Brief
Working from the records below, repeat exactly the lines starting at the line that contains "根据教学安排,我校于2025" and ending at the line that contains "26. Place of", inclusive.
===============
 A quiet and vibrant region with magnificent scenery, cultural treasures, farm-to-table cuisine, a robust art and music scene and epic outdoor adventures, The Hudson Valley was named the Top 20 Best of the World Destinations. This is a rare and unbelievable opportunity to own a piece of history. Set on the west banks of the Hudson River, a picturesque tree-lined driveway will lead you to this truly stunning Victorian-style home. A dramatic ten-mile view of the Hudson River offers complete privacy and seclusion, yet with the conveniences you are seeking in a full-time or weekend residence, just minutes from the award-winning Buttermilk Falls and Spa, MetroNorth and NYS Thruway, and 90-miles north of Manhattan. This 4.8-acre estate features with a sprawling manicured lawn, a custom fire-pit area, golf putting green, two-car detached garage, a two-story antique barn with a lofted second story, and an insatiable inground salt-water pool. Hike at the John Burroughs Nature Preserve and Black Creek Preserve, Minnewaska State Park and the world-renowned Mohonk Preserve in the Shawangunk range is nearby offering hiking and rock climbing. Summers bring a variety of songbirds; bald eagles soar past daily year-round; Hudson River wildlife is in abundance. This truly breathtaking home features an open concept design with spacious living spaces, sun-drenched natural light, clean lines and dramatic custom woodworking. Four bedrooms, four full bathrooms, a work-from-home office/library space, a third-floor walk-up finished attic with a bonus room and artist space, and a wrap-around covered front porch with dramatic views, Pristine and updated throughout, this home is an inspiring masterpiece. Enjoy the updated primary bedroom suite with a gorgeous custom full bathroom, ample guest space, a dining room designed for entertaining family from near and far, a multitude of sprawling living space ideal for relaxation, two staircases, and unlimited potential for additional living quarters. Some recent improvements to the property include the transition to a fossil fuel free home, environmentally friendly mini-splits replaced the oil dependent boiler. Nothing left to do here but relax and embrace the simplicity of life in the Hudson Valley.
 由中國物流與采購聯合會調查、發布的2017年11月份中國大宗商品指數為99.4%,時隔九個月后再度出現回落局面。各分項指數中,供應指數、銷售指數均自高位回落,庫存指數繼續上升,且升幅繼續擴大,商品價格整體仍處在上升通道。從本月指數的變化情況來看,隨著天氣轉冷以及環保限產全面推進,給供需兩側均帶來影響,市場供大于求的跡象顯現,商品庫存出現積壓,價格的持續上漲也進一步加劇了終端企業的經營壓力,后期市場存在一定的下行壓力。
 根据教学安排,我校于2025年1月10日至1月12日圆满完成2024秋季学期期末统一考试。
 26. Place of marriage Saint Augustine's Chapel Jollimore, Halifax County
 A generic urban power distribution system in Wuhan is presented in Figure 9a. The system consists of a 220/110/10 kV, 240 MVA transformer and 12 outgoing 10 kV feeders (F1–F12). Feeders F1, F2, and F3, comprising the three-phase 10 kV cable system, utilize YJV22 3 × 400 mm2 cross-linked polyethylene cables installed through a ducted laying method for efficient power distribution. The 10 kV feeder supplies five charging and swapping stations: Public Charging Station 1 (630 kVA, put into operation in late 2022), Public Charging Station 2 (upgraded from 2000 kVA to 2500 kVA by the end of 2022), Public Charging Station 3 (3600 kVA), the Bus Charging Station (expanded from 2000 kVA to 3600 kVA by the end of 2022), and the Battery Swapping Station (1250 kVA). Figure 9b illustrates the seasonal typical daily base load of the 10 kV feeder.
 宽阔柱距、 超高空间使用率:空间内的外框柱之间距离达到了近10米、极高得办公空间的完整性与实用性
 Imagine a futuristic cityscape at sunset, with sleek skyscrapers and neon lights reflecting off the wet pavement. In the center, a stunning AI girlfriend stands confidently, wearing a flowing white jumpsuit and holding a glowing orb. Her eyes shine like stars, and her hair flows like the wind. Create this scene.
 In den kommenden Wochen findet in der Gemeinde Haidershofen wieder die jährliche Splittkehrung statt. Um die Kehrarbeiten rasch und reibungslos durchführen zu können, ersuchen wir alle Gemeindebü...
===============
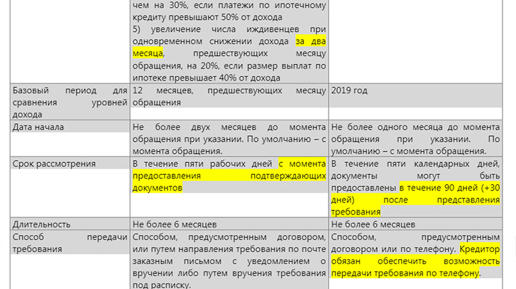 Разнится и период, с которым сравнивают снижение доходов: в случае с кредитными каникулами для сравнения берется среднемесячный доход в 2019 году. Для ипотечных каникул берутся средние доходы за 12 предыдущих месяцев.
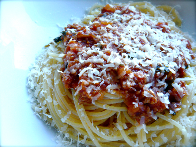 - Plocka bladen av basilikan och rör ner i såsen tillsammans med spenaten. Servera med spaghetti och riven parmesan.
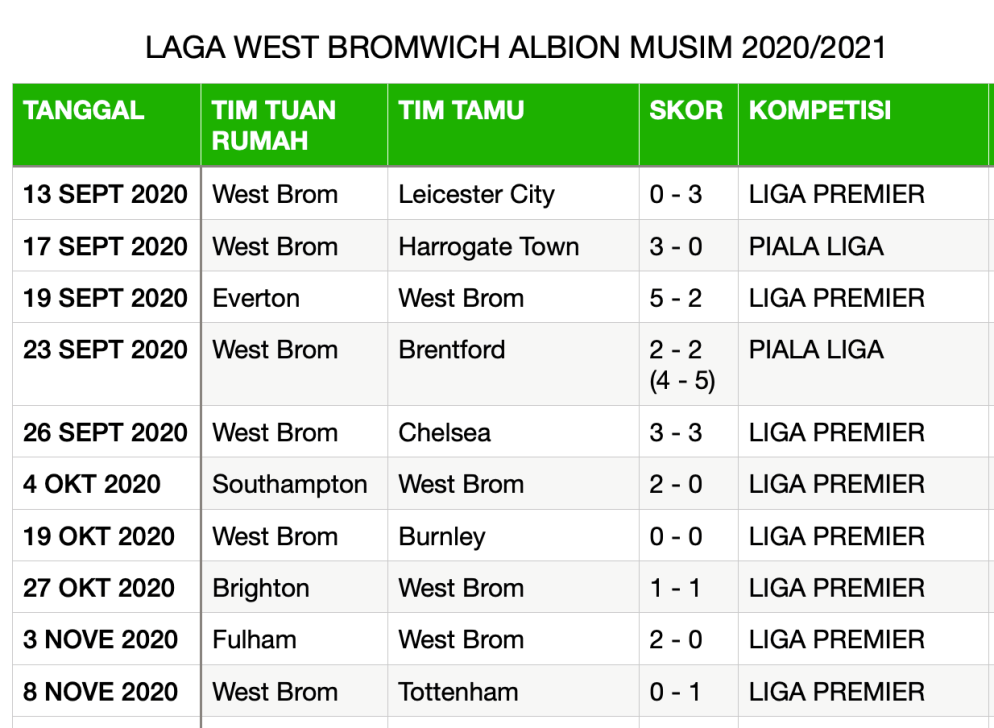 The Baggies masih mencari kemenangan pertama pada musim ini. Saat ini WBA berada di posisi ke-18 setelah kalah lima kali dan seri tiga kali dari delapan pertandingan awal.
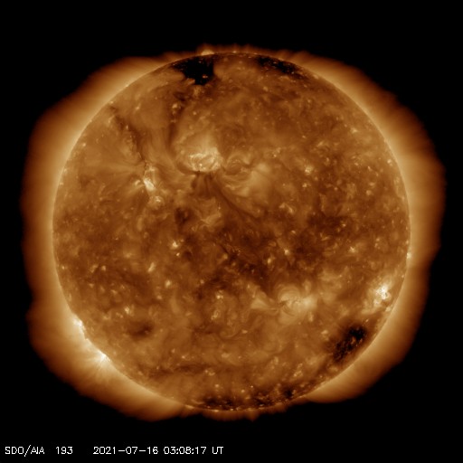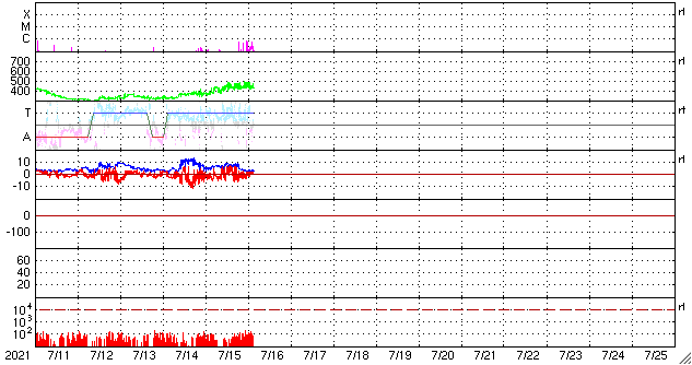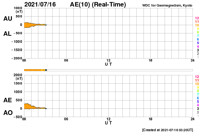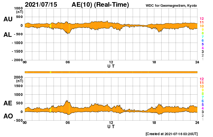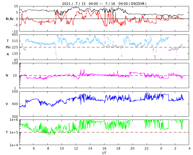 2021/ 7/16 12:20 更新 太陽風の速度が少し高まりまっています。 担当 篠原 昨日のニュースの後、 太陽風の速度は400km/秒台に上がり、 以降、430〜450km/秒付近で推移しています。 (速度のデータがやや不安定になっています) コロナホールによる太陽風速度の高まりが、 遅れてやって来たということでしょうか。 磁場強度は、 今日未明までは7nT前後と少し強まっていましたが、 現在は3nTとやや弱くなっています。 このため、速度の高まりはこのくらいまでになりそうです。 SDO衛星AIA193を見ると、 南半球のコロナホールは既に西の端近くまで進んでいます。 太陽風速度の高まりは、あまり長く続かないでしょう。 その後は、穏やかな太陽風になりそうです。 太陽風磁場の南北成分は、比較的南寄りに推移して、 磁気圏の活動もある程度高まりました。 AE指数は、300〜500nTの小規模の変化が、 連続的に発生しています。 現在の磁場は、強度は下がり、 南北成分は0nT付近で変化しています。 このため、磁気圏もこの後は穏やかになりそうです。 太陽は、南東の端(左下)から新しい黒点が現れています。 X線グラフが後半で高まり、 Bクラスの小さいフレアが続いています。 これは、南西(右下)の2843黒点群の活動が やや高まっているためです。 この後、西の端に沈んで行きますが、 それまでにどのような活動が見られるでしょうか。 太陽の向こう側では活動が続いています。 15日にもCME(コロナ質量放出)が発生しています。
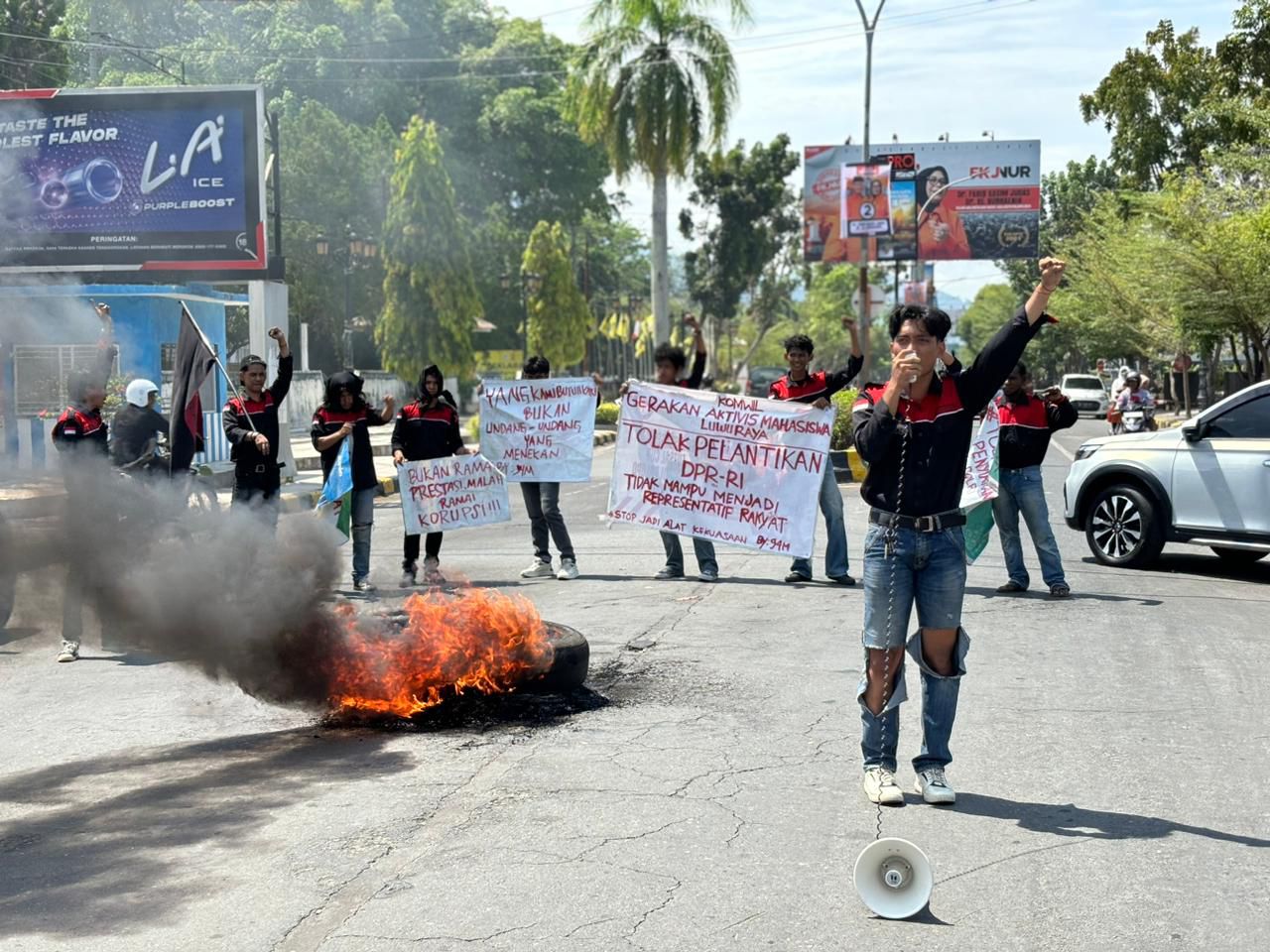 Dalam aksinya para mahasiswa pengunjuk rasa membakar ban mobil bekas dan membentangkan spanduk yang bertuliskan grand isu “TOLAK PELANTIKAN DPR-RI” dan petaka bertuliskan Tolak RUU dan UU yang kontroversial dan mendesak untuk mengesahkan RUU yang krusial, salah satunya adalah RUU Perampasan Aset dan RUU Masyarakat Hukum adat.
===============
Answer below
 根据教学安排,我校于2025年1月10日至1月12日圆满完成2024秋季学期期末统一考试。
 26. Place of marriage Saint Augustine's Chapel Jollimore, Halifax County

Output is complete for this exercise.